В кабак вошел статный красавец лет около тридцати пяти, в коротком пепельного цвета кафтане, небрежно наброшенной на плечи, отороченной лисьим мехом ферязи15 и сдвинутой набок высокой шапке. За этим видным собой мужчиной следовал молодой, долговязый стрелец в красном кафтане и серой шапке.
Появление новых посетителей не осталось незамеченным. Со своего места поднялся тонкогубый, кривоносый стрелец в зеленом кафтане.
– Мое почтение Федору Леонтьевичу Шакловитому!
Статный красавец Федор Леонтьевич Шакловитый был сыном боярским родом с брянщины и служил дьяком в Разрядном приказе.
– Здравствуй, Цыклер! – откликнулся Шакловитый.
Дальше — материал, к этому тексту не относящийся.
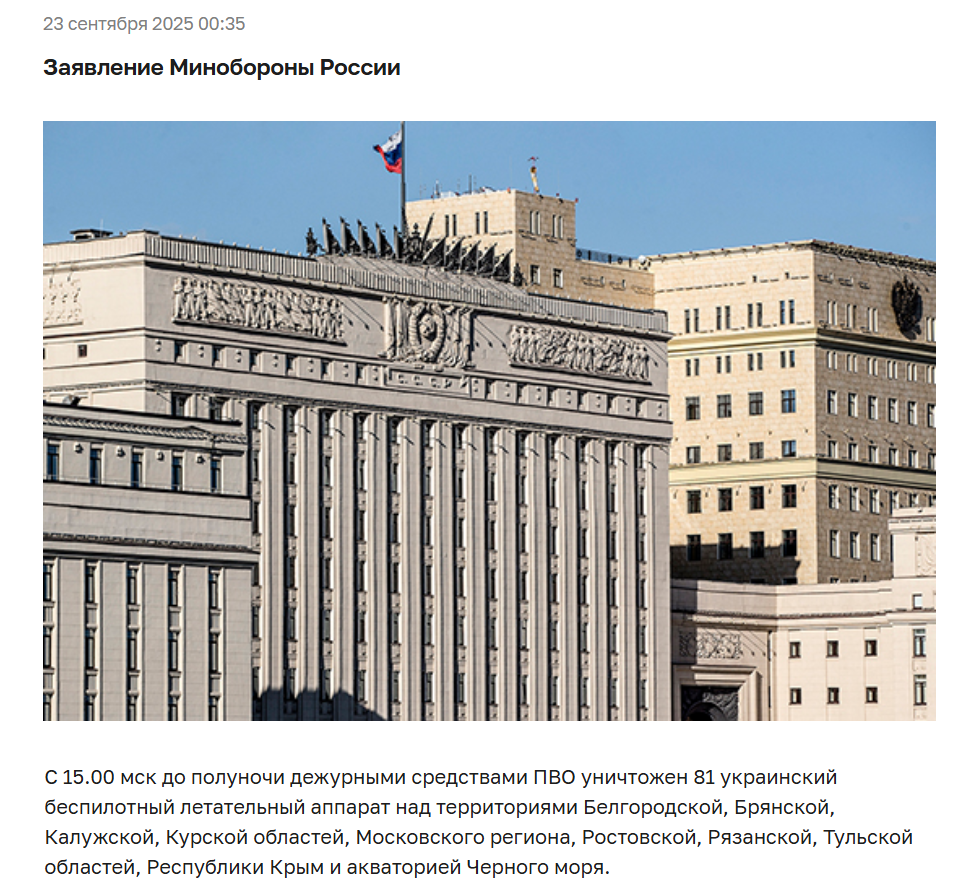 Вечером 22 сентября враг начал атаку на Московский регион. Мэр Москвы Сергей Собянин оперативно размещал сведения о сбитых БПЛА в своём Telegram-канале и в мессенджере МАХ. Первое его сообщение было опубликовано в 19.30, последнее — уже ночью, в 02.40, после того, как сбили ещё два беспилотника.
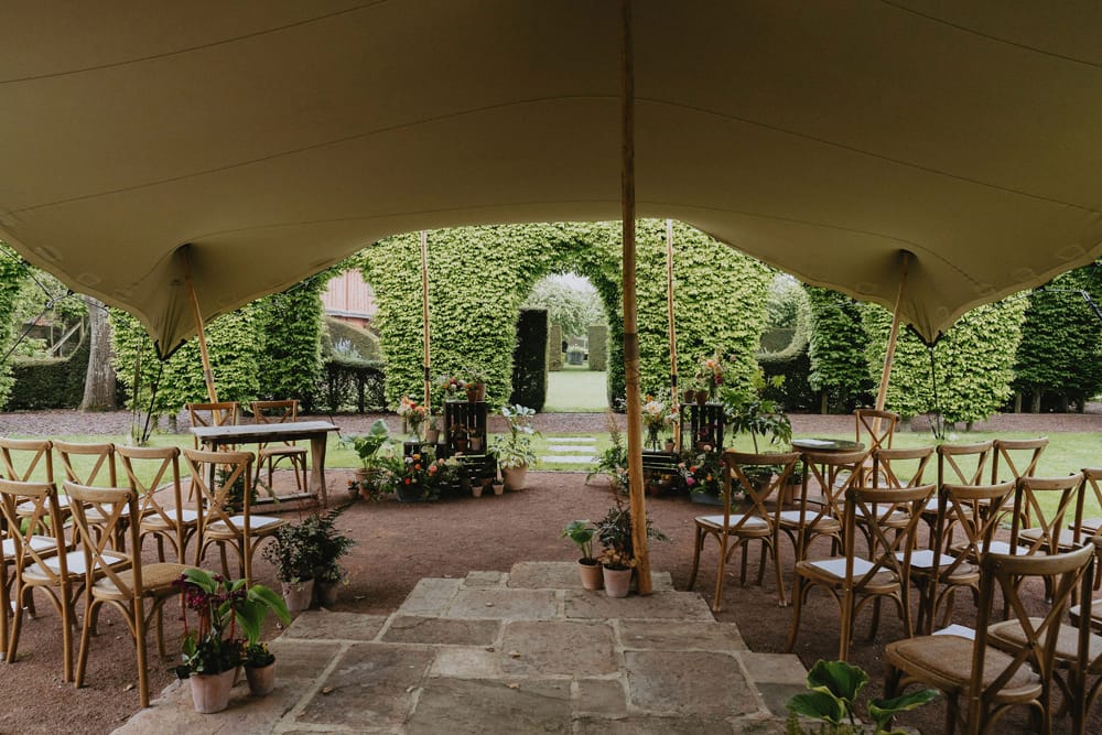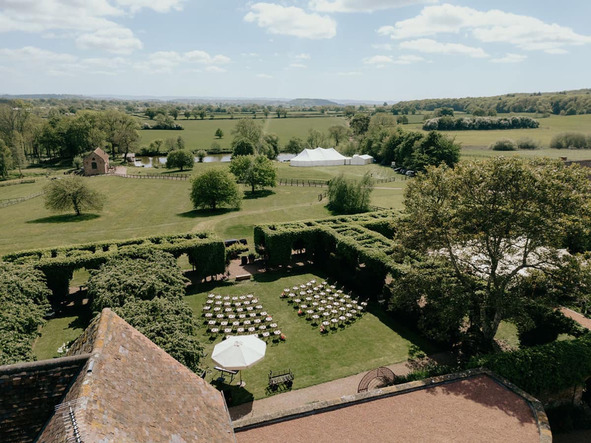 Yes, for large weddings of 40-100 guests, we have a flat terraced lawn just outside the gates to the sunken garden with amazing views across the Leadon Valley. There is another space by the lake, with views across the countryside and a fantastic view of Pauntley Court. We also provide our Tentickle Stretch Tent at no extra cost, which can be ideal if you are having a drinks reception in the gardens. We only offer a limited number of large marquee weekend weddings (40 - 100) each year.

Цыклер имел чин стрелецкого капитана, в просторечье – сотника. Его отец, уроженец Пруссии, прибыл в Москву за лучшей долей, принял православие, женился на русской, однако мало чего сумел выслужить.
– Давненько тебя не было видно, – добавил Цыклер.
Шакловитый недоверчиво хмыкнул:
– А ты никак по мне соскучился?
– Почто же не соскучиться по умному человеку? С тобой завсегда приятно потолковать.
«Врешь ты, немецкая твоя душонка, – подумал Федор. – Но лесть все одно приятна».
– Некогда мне было шататься по кабакам, – сказал он. – Перед Рождеством я жену схоронил, царствие ей небесное. Да и по службе мне нынешней зимой пришлось немало потрудиться: ты, поди, слыхал о составлении родословной книги. А уж когда благолепный государь Федор Алексеевич, упокой его, Господи, совсем занемог, нашему брату, служилому человеку, и вовсе стало не до гулянок. Вот токмо нынче я решил проветриться да Ефима Гладкого, – кивнул Федор на сопровождавшего его стрельца, – с собой позвал.
Шакловитый говорил спокойным голосом. Даже о смерти жены он упомянул, как о чем-то обычном и будничном. Было понятно, что ему ее ничуть не жаль. Федор в душе даже чувствовал облегчение, оттого что избавился от той, на которой женился лишь, потому что мужчине полагалось иметь семью, и которая, не родив мужу детей, порядком успела ему надоесть.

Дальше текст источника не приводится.